Bitcoin has been the big driver for Square's business, and it will be key in determining the path of the stock next year. The price of the cryptocurrency is up 150% this year and has been rising since this month's election. President Trump hasn't exactly been a supporter of digital currencies, although he also hasn't been able to stop their growing popularity this year either.
It's unclear how Biden's policies may affect the market for bitcoin (and like with Trump, perhaps they won't at all), but crypto traders don't appear to be concerned with the change in leadership as they have been buying up bitcoin since the election. If the popularity of digital currencies continues to rise, Square could be a big benefactor, and its stock will likely build off the success it's achieved in recent years.
3. Tesla
One of the hottest stocks of 2020 has undoubtedly is electric vehicle (EV) manufacturer, Tesla. Not only are its number of deliveries up, but the company is no longer unprofitable and sports a bottom line that's been in the black for five straight periods. The company's stock is finally going to join the S&P 500 Index in December.

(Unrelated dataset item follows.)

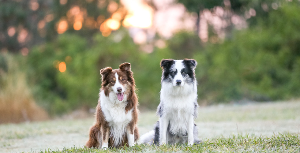 Erik and Evie. This was shot purposefully underexposed so we'd get that gorgeous colour in the sky. If I exposed for the dogs, that would have disappeared entirely. So I obviously then needed to brighten it back up in post. Then I removed the cyclists from the background, Erik's leash and did a head swap so both pups had the perfect expressions.

Vehicle deliveries during the period ending Sep. 30 totaled 139,593, which was a year-over-year increase of 44% while its production numbers of 145,036 were up 51% from the same quarter last year. Even during the pandemic, Tesla's done a remarkable job of growing. Its year-to-date revenue of $20.8 billion is 21% higher than the $17.2 billion that Tesla brought in during the same period last year. But that's still a drop in the bucket compared to Ford Motor which has posted $106.9 billion in auto sales thus far in 2020, up 29% year over year. General Motors hasn't had as great of a year with its sales down 20% over the same period, but its year-to-date automotive revenue of $74.6 billion is still more than triple Tesla's top line. The cutting edge tech company still has a long way to go to find itself competing with the sales of long-time industry leaders.
But with improved results this year, investors have been bullish on Tesla's stock; the automaker's share price has risen more than 580% in 2020. Under Biden, Tesla looks to be an even surer buy. The new president will be focused on cleaner energy, plans to create new jobs in the auto industry, to hopes to "position America to be the global leader in the manufacture of electric vehicles."